Selama ini, ada anggapan bahwa perempuan cenderung lebih suka bergosip. Kebiasaan bergerombol dan mengobrol, bahkan membicarakan orang lain dianggap sudah menjadi bagian dari perempuan sejak zaman dahulu. Memang, bukan berarti laki-laki tidak melakukannya sama sekali.
Terkait kebiasaan perempuan ini, Maria D Andriana (2018) memberi gambaran menarik. Dalam tulisannya, ia mengisahkan bahwa pada tahun 1953, pelukis Hendra Gunawan menggoreskan cat minyak di atas kanvas yang menggambarkan tiga perempuan dari tiga generasi sedang mencari kutu rambut. Lukisan tersebut menggambarkan bagaimana pada zaman dahulu, mencari kutu rambut biasa dilakukan kaum perempuan di waktu senggang, sembari mengobrol, bergosip, dan bahkan meneruskan nasihat kepada anaknya.
Bertolak dari hal tersebut, Maria menggambarkan kondisi perempuan sekarang. Ia melihat, kebiasaan mencari kutu rambut memang sudah tak terlihat, terlebih di perkotaan. Mungkin masih ada di perdesaan. Namun, kebiasaan bergosip masih berlanjut. Zaman berkembang. Mengobrol tak mesti bertemu. Tak perlu lagi sembari mencari kutu rambut, sekarang mengobrol kosong bisa dilakukan lewat gawai, dengan memanfaatkan media sosial atau aplikasi berbalas pesan.
Namun, obrolan kosong di media sosial memiliki dampak lebih luas ketimbang sekadar obrolan di teras rumah sembari mencari kutu rambut. Mereka yang terlibat dalam obrolan tak terbatas pada beberapa orang tetangga, namun terdiri dari begitu banyak orang yang tak terbatas tempat dan waktu.

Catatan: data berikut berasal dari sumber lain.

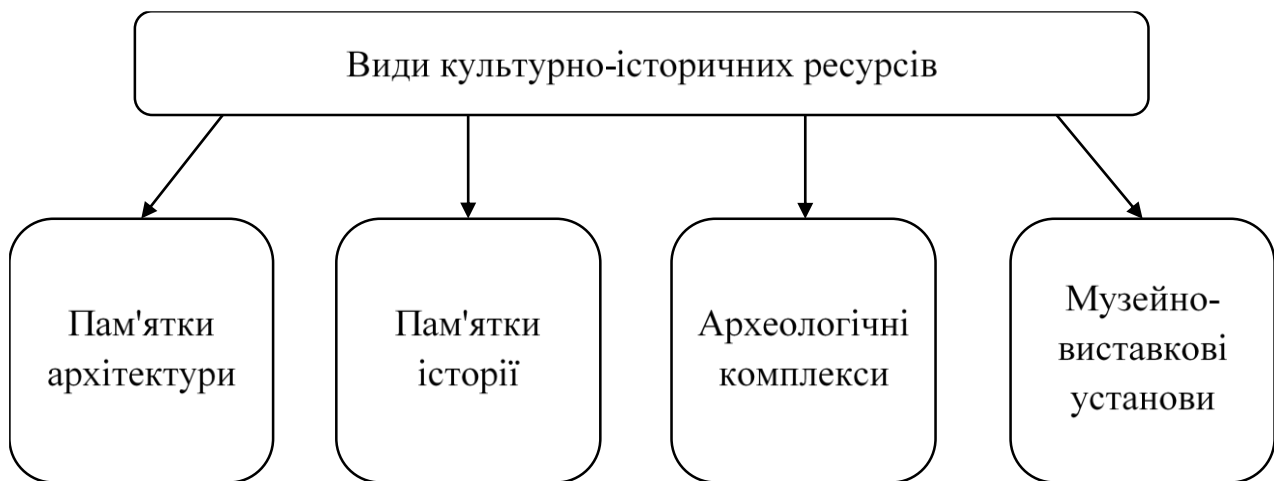
Рис. 1. Види культурно-історичних ресурсів

Культурно-історичні туристичні ресурси: об'єкти антропогенного характеру, які є матеріальним втіленням історичних і культурних (в широкому сенсі цього поняття) процесів, що проходили на певній території, які мають привабливі характеристики для їх використання при формуванні туристичного продукту. Культурно-історичні ресурси охоплюють все соціокультурне середовище місцевості: історичні події, архітектуру, традиції, звичаї, особливості господарського життя та ін. (рис. 1).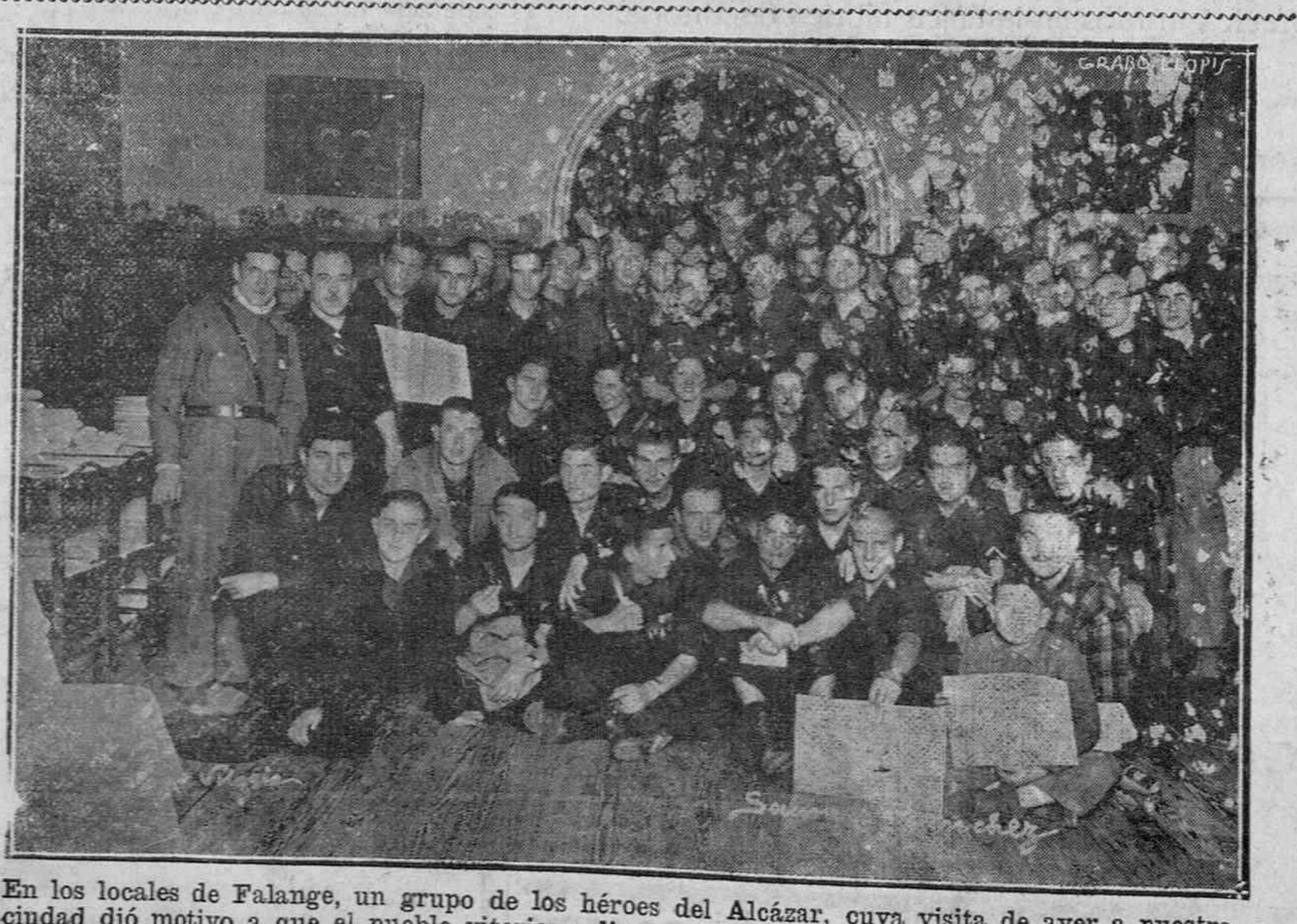
En los locales de Falange, un grupo de los héroes del Alcázar, cuya visita de ayer a nuestra ciudad dió motivo a que el pueblo vitoriano diese una vez más rienda suelta a su entusiasmo patriótico.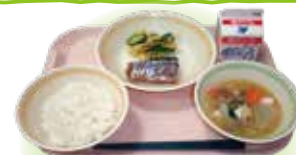
(Exemplo de menu) Arroz, sopa com carne porco e legumes, peixe cozido, pickles instantâneos, leite

Várias medidas são tomadas na escola para permitir que as crianças comam e apreciem a merenda escolar. As diferenças entre o tempo necessário e a quantidade de comida que conseguem comer são comuns no início da primeira série, portanto é preciso considerar o volume da refeição. Ainda, o tempo de distribuição, refeição e limpeza após a refeição é estendido em comparação com as outras séries, até se acostumarem. Comunique suas preocupações com relação a alergias alimentares (alimentos a serem excluídos, etc.) durante exames de saúde ou orientações, etc., antes que a criança ingresse na escola. Além disso, é ideal que você interaja com seus filhos durante as refeições em casa para que eles se acostumem a todos os tipos de alimentos, e aprenda a desfrutar das refeições.

Bahkan, media sosial juga memungkinkan obrolan semakin meluas ke hal-hal yang tak benar-benar dipahami setia orang, sebab di dalamnya orang bisa dengan gampang membagikan link atau tautan yang mengarahkan pada berbagai sumber informasi online. Sebaliknya, obrolan yang bersifat private bisa dengan mudah dan cepat meluas dan tersebar ke ruang publik dunia maya.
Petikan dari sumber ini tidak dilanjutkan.